Durante la semana fue con su carpeta
de dibujo a la costa del Riachuelo, en el Dock, y se puso a dibujar La Boca. Observó
con cuidado los desniveles y colores. Imitando a Quinquela, empezó a dividir
volúmenes y a inclinarlos en el plano. Ese fin de semana cruzó con el bote y
regresó al mercado. Vendió diez perfiles de La Boca y ganó cuarenta pesos. Y
más importante, un señor se puso a mirar sus dibujos y a hablar con él. Le dijo
que era pintor y daba clases. Le aseguró que tenía talento, pero le faltaba
aprender mucho. Lo invitó a que fuera a su taller, a conocer. El le explicó que
no tenía dinero para tomar clases. El hombre, Verónico del Bosque, le dijo que
le pagaría cuando lo tuviera.
De ahí en más, todos los martes y jueves por
la tarde, después de la escuela, cruzaba a La Boca e iba a estudiar con el
maestro, que vivía en una casa vieja en Suárez y Martín Rodríguez, donde alquilaba
dos cuartos, uno de vivienda y el otro para su taller y escuela.
Pronto Carlitos se transformó en su
estudiante preferido. El maestro le propuso que se cambiara el nombre, o que se
buscara un nombre artístico de pintor, porque el nombre de Carlitos en Buenos
Aires ya tenía dueño. Si uno decía Carlitos pensaba en Gardel. Era como la
camiseta del 10. Al final eligió llamarse Martín, en homenaje a Quinquela.
También modificó su apellido: en lugar de Ballestrini, Balestra, más criollo. La
Boca había tenido demasiados pintores italianos, hacían falta pintores
criollos. Los mayoría de los italianos, por otro lado, se habían ido de La Boca
y del Dock, vivían todos en Palermo. La Boca y el Dock eran tierra de cabecitas
negras del interior, bolivianos, paraguayos y chinos. Había una nueva Boca y un
nuevo Dock.
Pasaron dos años y Martín evolucionó
muchísimo en su arte. Verónico le daba, además de dibujo, clases de pintura. Le
compró una caja de acuarelas. Martín manejaba el color con gran talento.

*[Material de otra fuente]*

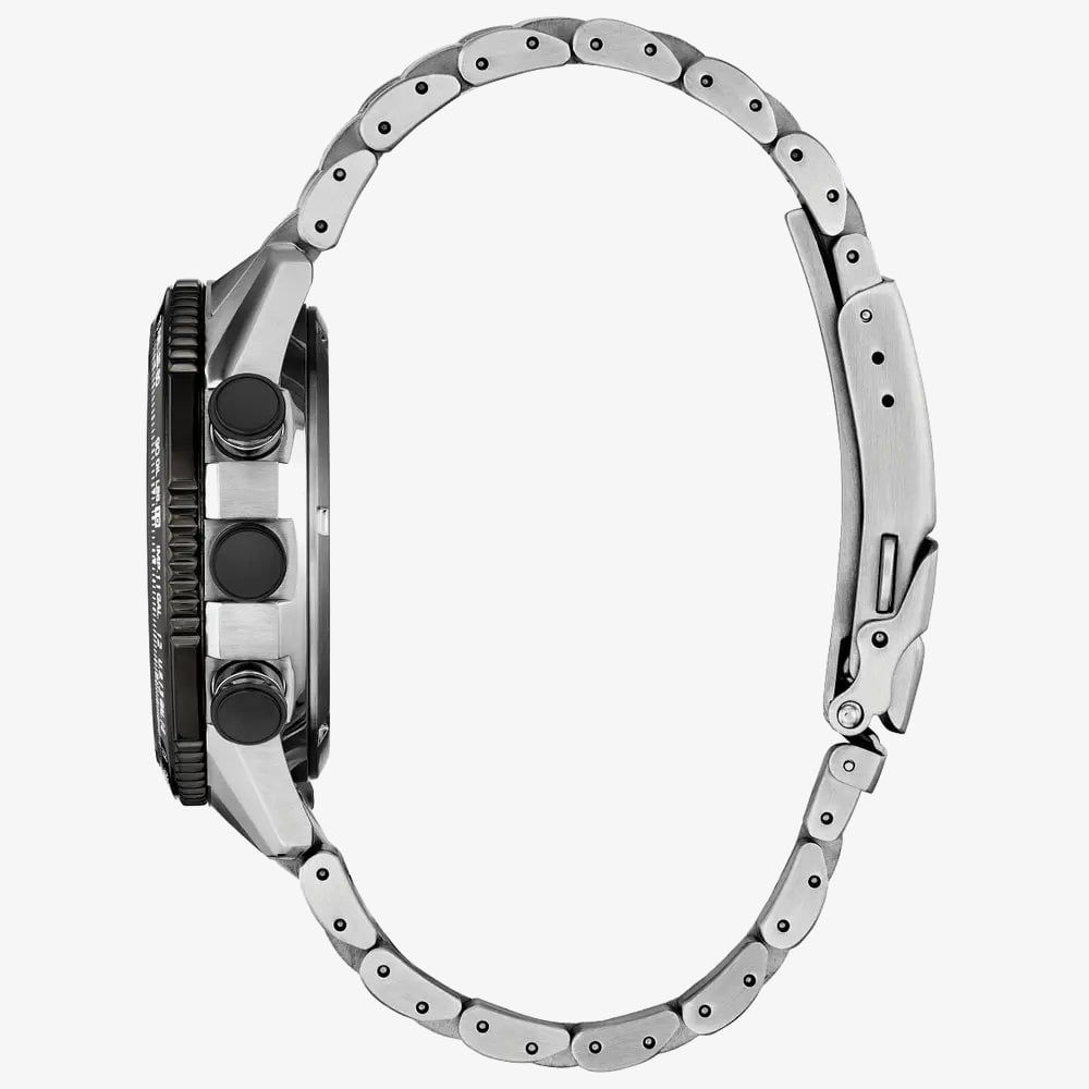 Take your timekeeping to new heights with the Citizen Promaster Skyhawk. Featuring a robust 43mm silver-tone stainless steel case and a striking grey analogue-digital dial, this chronograph blends aviation-inspired design with cutting-edge functionality. A rotating slide-rule bezel, sapphire crystal, and triple-link bracelet add a refined, sporty edge. With features like a perpetual calendar, 1/100-second chronograph, 99-minute countdown timer, alarm, and 200m water resistance, this watch is ready for anything, on the ground or in the air.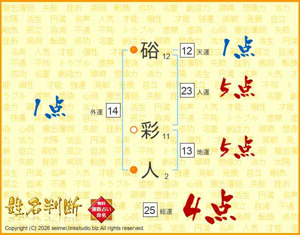 硲彩人さんの総運は25画の4点!

Decidieron un día a la semana ir a pintar a la cancha de Boca. Retrataban el
exterior de la Bombonera, desde diversos ángulos. Los fines de semana Martín
volvía al mercado a vender sus dibujos. Cuando había partido de fútbol, vendía
sus acuarelas de la Bombonera. Un día un turista norteamericano le dio diez
dólares por una acuarela. Se sintió rico y afortunado.

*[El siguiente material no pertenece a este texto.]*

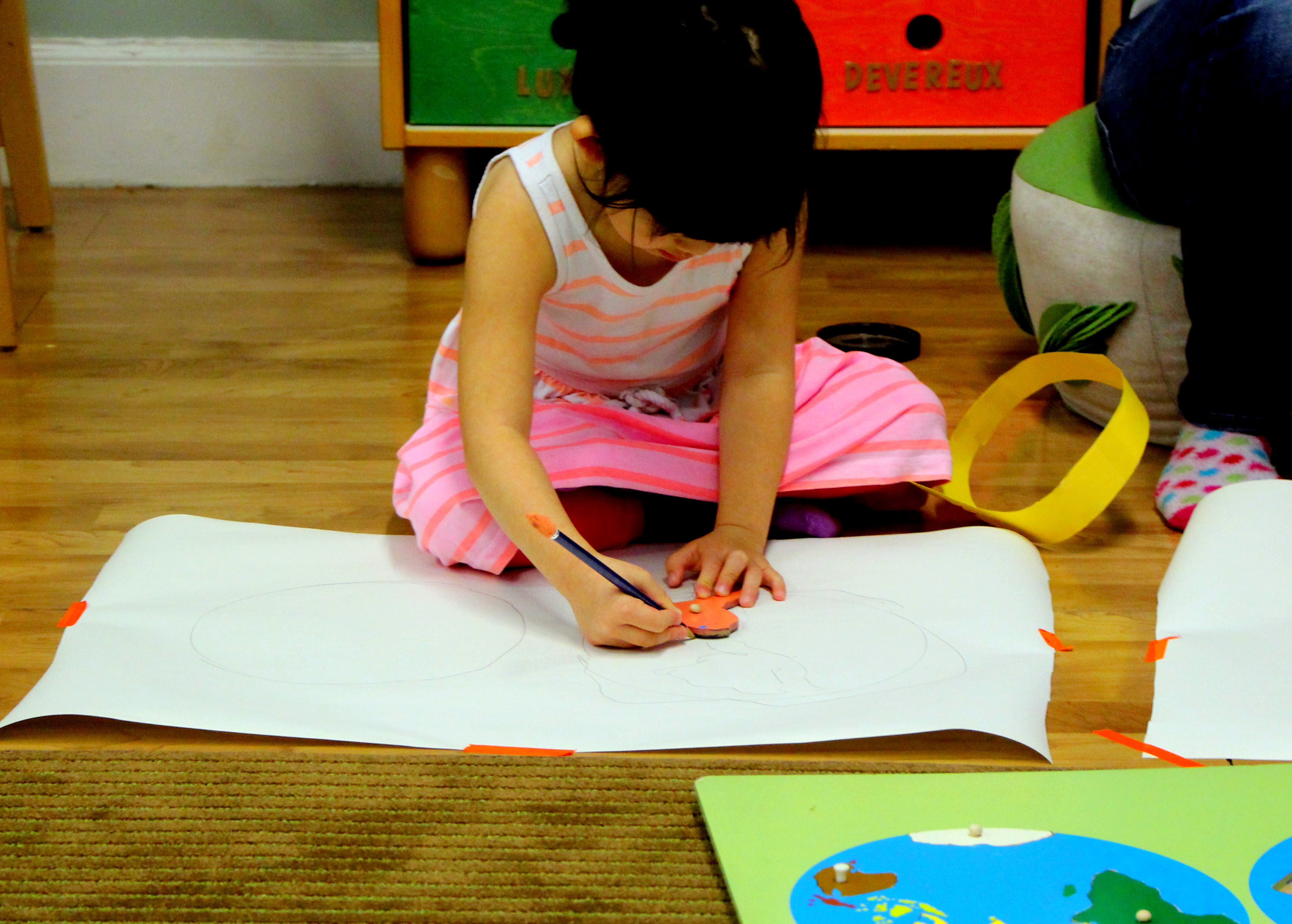 A number of students had fun drawing up the earth’s hemispheres to create their own continent maps by tracing the continent pieces from our puzzle maps.   It’s exciting to see how little help our students needed (or wanted) as they focused on getting the placement of each continent just right.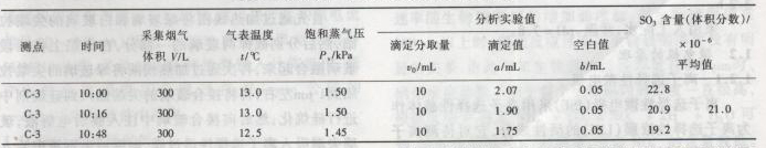表1某燃煤電廠煙氣中S03測定數據及結果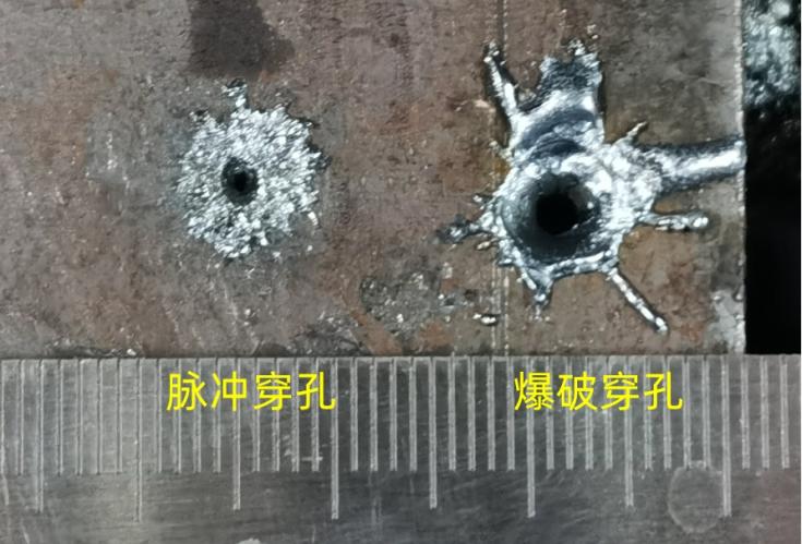 兩種穿孔方式的實(shí)際效果如下圖所示。在大多數(shù)情況下,脈沖穿孔質(zhì)量優(yōu)于爆破穿孔。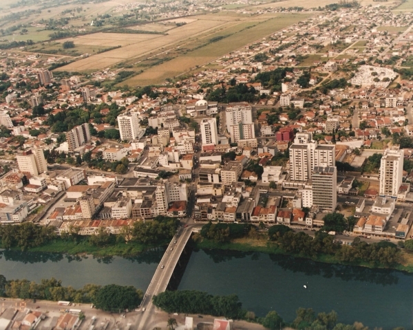 Foto aérea feita da margem esquerda de Tubarão mostrando parte do rio e do Centro da Cidade Azul. O registro é de 1995.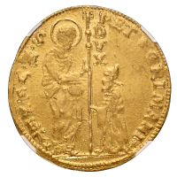 Pietro Grimani (1741-1752) - Zecchino NGC MS 63 - Zecca: Venezia - Diritto: il Doge genuflesso tiene un'asta culminante in una croce e riceve la benedizione da San Marco che gli sta di fronte - Rovescio: Gesù Cristo benedicente entro una cornice a mandorla - Cert. read all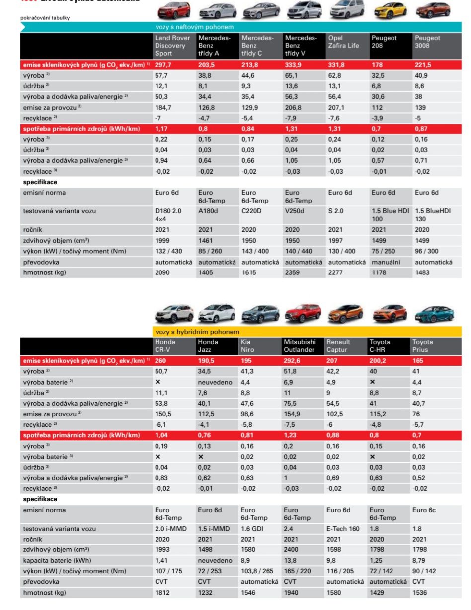 „Žiadne auto na ceste nespadlo z neba. Treba brať do úvahy každý krok, ktorým automobil prechádza počas celého svojho životného cyklu. Od ťažby a spracovania surovín až po zošrotovanie,“ povedala šéfredaktorka časopisu dTest Hana Hoffmannová. Ako príklad uviedla elektrický Fiat 500, ktorý síce počas jazdy neprodukuje žiadne emisie, no výroba tohto malého vozidla a produkcia elektriny, ktorú na pohon spotrebuje počas svojho životného cyklu, zaťaží ovzdušie 31 tonami ekvivalentu CO2. To je 24-krát viac, ako váži samotný automobil. Napríklad dvojtonový naftový Land Rover Discovery Sport predstavuje záťaž viac ako 70 ton ekvivalentu CO2.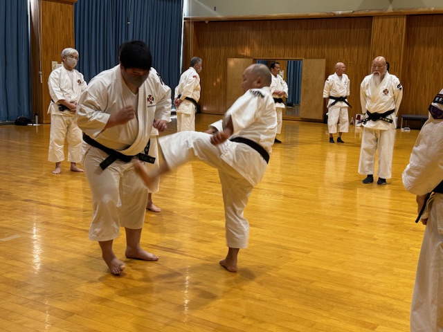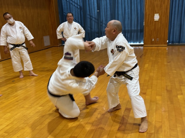 四段以上は河面先生の指導でしたが,河面先生の日頃の修練の気付きを拳士に指導して頂き,和気あいあいと楽しむことができました。初めての感覚を味わうことができ良い刺激になりました。

Mariela, su madre, estaba orgullosa
de su hijo Carlitos (no aceptó llamarle Martín). El marinero, que era casado,
había dejado a su mujer y se había ido a vivir con ella. Carlitos los domingos
le daba a su madre casi todo el dinero que ganaba. Sólo guardaba para él una
parte, para cruzar a La Boca, comprar los útiles de dibujo y su merienda.
Cuando cumplió quince años la madre le dijo que iba a tener un hermanito.
Martín ya había pensado en dejar la escuela. Estaba en noveno grado del EGB, y
le parecía que aprendía poco. Su verdadera escuela eran las clases de Verónico,
el pintor. Habló con su maestro, quien le propuso irse a vivir a su inquilinato.
En ese momento tenían un cuarto desocupado. Le dijo que le prestaría el dinero
para el alquiler, y que le pagaría con los dibujos que vendía en el mercado (su
puesto allí ya era oficial, le decían
“el pintor del mercado”). Además, podía ayudarlo a dar clases de dibujo a los
chicos que empezaban. Martín era un muy buen dibujante. Su uso del color aún no
era perfecto, pero había progresado muchísimo. Aceptó. Su madre aprobó su
decisión, ella también quería hacer cambios en su vida. Su hijo estaría bien en
Capital, y para visitarlo no tenía más que cruzar el Riachuelo.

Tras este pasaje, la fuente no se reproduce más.